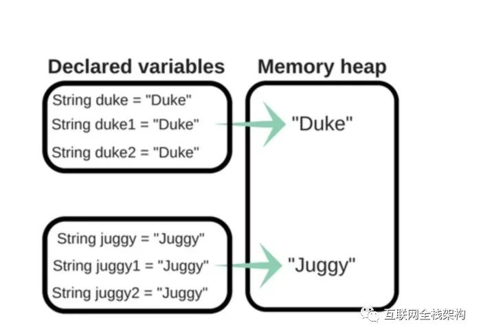 String可能是Java中用得最多的类了。如果每次我们使用一个String的时候,都在堆内存中创建一个新的对象,我们可能会浪费很多内存。对于每个字符串的值,字符串池都只保存了一个对象,通过这样的方式来解决上述问题,如下图所示:
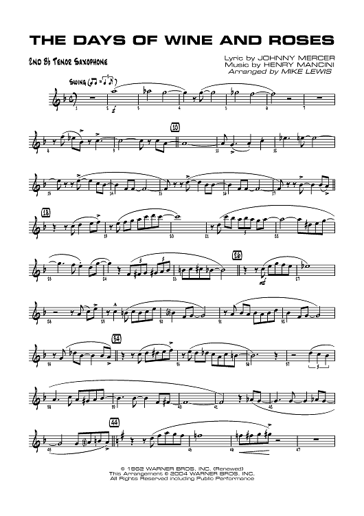 "Days of Wine and Roses - B-flat Tenor Saxophone 2" Sheet Music by Henry Mancini
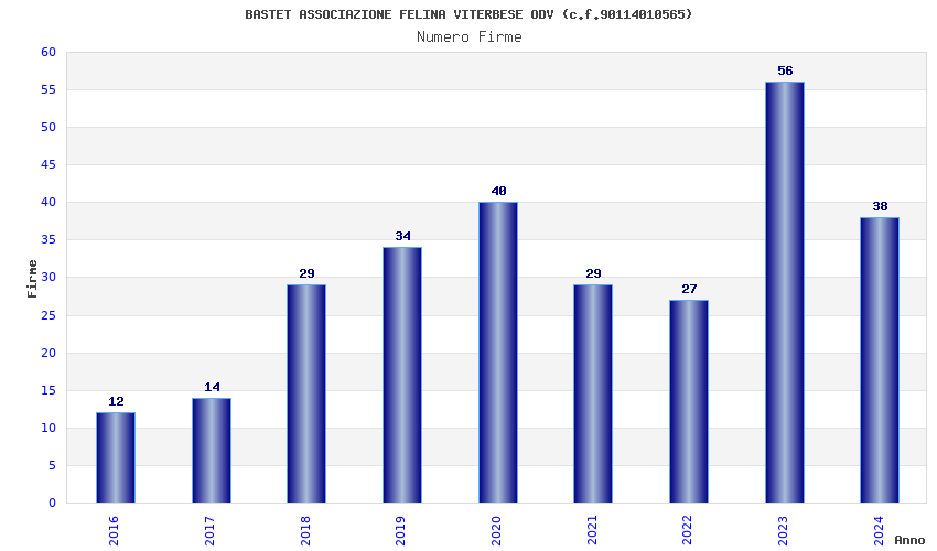 | Anno | Firme | Importi | Media | Naz. | Reg. | Prov. | Comu. |
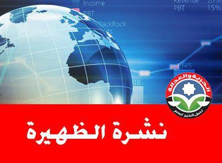 بوابة “الحرية والعدالة” تقدم لقرائها الكرام نشرة الظهرة حول ما تم نشره من أحداث وقضايا على الساحة خلال الفترة الصباحية.
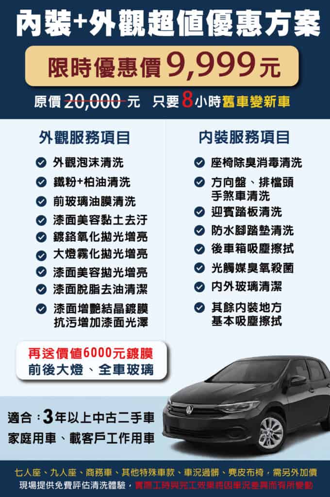 | 派威汽車醫美 | 9,999 元超值方案 | 外觀鍍膜、內裝座椅深度清洗、大燈霧化處理、油膜處理、消臭處理、臭氧殺菌 | 8 小時內交車 | CP 值高,差不多預算,內外全面照顧到,有感升級一天交車。 |
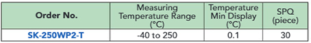 SK-250WP2-T เครื่องวัดอุณหภูมิชนิดกันนํ้า Temperature Min Display (°C) 0.1 SPQ (piece) 30 SATO
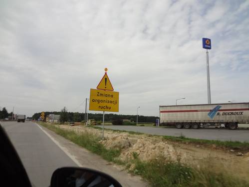 Первым делом подкрепились в известном всем туристам-белорусам ресторанчике «U Zagrodze», или баре «Pajero» что по левой стороне в 15-20 километрах от границы по направлению на Варшаву. К слову, обед из двух шикарных салатов и огромной тарелки мяса с гарниром (можно порцию смело брать на двоих), напитков (кому – пиво, кому – кола) обошелся в 35 злотых (курс был 3.9/1евро). Прекрасная погода, сытые и довольные, мы мчимся в обход Варшавы, свернув с трассы номер 2 на 19 за Бяло-Подляской. Вечером в 19:00 в польской столице делать нечего - пробки. Впрочем, как повезет. В итоге, решили не рисковать и поехали по менее известным дорогам через Коцк, Демблин, Радом к Томашуву-Мазовецкому, где прямо возле трассы дымит парами завод по выпуску известной белорусам плитки «Апочно». Там 48-я дорога из Радома соединяется с трассой Е67/8 ведущей из Варшавы на Вроцлав, которая сейчас активно ремонтируется. Кстати, деньги Евросоюза в Польше используются по назначению, это конкретно о том, что касается дорог. Ремонты и стройки плавно смещаются от месяца к месяцу и дорожные «артерии» приобретают мировые стандарты. Но!!!
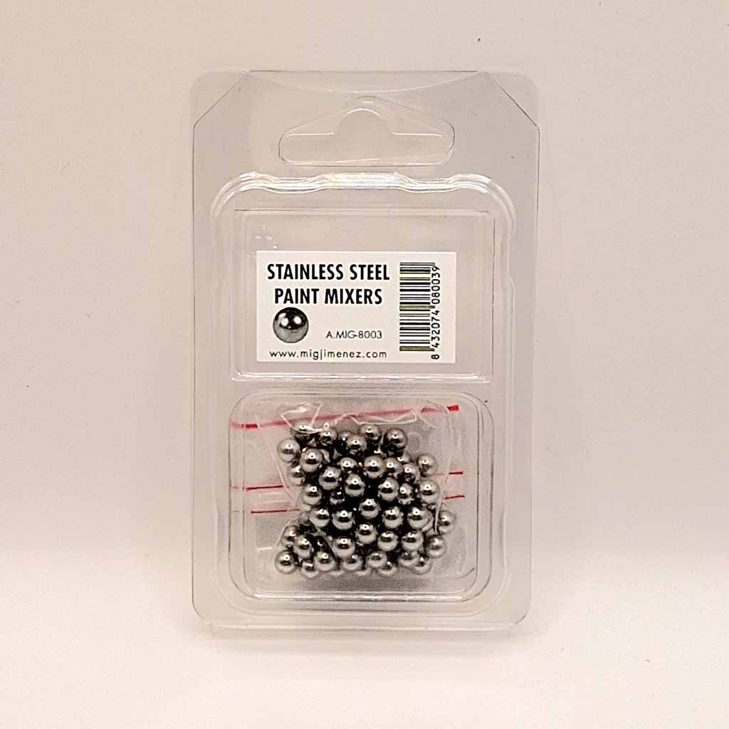Stainless Steel Paint Mixing Balls. This set includes between 70 and 80 stainless steel balls (5mm diameter) perfect for use as agitators in any paint. Add a pair to your jars and paintwork will be much easier, faster, and effective. To make a paint reach its optimum performance, it is necessary that all components are thoroughly mixed. Valid for acrylics, lacquers, enamels and any other type of liquid paint. Will not rust or alter the colour.

# WHAT YOU NEED TO DO
From the line with "Prov. | Comu. |" up to and including the line with "SK-250WP2-T เครื่องวัดอุณหภูมิชนิดกันนํ้า Temperature" above, retype every line exactly and nothing more; leave out the pictures.

# YOUR RESPONSE
 | Anno | Firme | Importi | Media | Naz. | Reg. | Prov. | Comu. |
 بوابة “الحرية والعدالة” تقدم لقرائها الكرام نشرة الظهرة حول ما تم نشره من أحداث وقضايا على الساحة خلال الفترة الصباحية.
 | 派威汽車醫美 | 9,999 元超值方案 | 外觀鍍膜、內裝座椅深度清洗、大燈霧化處理、油膜處理、消臭處理、臭氧殺菌 | 8 小時內交車 | CP 值高,差不多預算,內外全面照顧到,有感升級一天交車。 |
 SK-250WP2-T เครื่องวัดอุณหภูมิชนิดกันนํ้า Temperature Min Display (°C) 0.1 SPQ (piece) 30 SATO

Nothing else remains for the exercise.